It’s an acronym that appeared on many signs at last week’s protests, amid claims ‘Significant Natural Areas’ are eroding private property rights. But why is a decades-old designation to protect native biodiversity so controversial? George Driver investigates.
They’re probably the most contentious three letters in politics right now: SNA. In Northland, a hīkoi calling for an end to the mapping of significant natural areas (SNAs) attracted thousands of people in what was called one of the largest protests in a generation. A month later, tens of thousands of farmers clogged roads around the country with tractors and utes, with a call for SNA regulations to be scrapped among a list of seven grievances. Both National and Act have said the policies are unworkable and need to be binned.
What are Significant Natural Areas?
Debate about Significant Natural Areas has been going on for decades, but the contentious government proposal on SNAs is actually the result of a National party push to ensure native biodiversity on private land is protected.
Significant Natural Areas spring from Section 6 (c) in the Resource Management Act 1991, which orders councils to “recognise and provide for… the protection of areas of significant indigenous vegetation and significant habitats of indigenous fauna” of national importance on private land. Just what vegetation and habitats are significant – and what councils should do to protect them – has been a matter of debate for 30 years.
Each council has interpreted this differently, but mapping SNAs is nothing new. According to a government report, 61% of councils have chosen to formally identify and map SNAs on private land. For example, the Kāpiti Coast District Council began mapping SNAs in 1995 and Auckland went through this process as part of developing the Unitary Plan. But other councils are just starting to map SNAs now – for example, the hīkoi in Northland came after the Far North District Council began mapping SNAs under the existing law. Around 19% of councils haven’t mapped any SNAs – 36% of councils don’t even have criteria for what an SNA is – and instead they determine whether a development will impact significant native bush or habitat on a case-by-case basis as part of the resource consent process. But it’s important to note that regardless of whether the SNAs are mapped, they are protected by law and there are restrictions on what development can take place.
But some have argued this approach isn’t working. It doesn’t appear to be preventing the destruction of the habitats of endangered species – about 4,000 native species are threatened with extinction. On the other hand, the government has argued the lack of a definition of what is “significant” and how it should be protected has created confusion and uncertainty for landowners, which has resulted in cases being dragged through the courts.

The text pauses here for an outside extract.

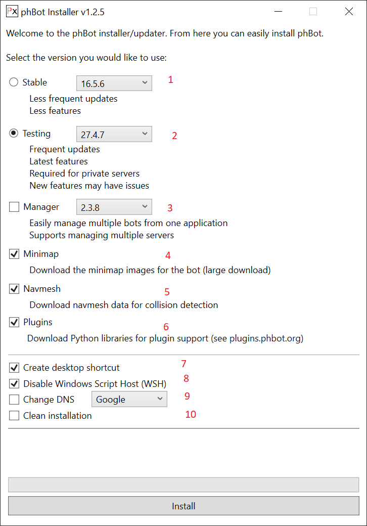 The installer is a simple application that will download all of the necessary files to run phBot. Everything gets installed to `%LOCALAPPDATA%\Programs`.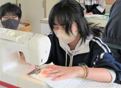 今日は、脇の縫い代を開いて口あきを縫う作業です。

So successive governments have been grappling with how to clarify the law for more than two decades. The most recent push began in 2010 when the National government developed a “proposed national policy statement on indigenous biodiversity” to introduce bottom lines to ensure indigenous biodiversity was protected on private land. This defined SNAs as “naturally uncommon ecosystem types”, including all indigenous vegetation and habitats in sand dunes and wetlands and the habitats of at-risk species. It also ordered councils to map these areas “where practical”.
But National resurrected the idea in 2016, when the then environment minister Nick Smith announced a group including Forest & Bird, Federated Farmers, the Environmental Defence Society, the Forest Owners’ Association and iwi would develop a new policy by 2018. The Labour coalition was swept to power in 2017, but the group plodded on and released its proposed policy in 2018.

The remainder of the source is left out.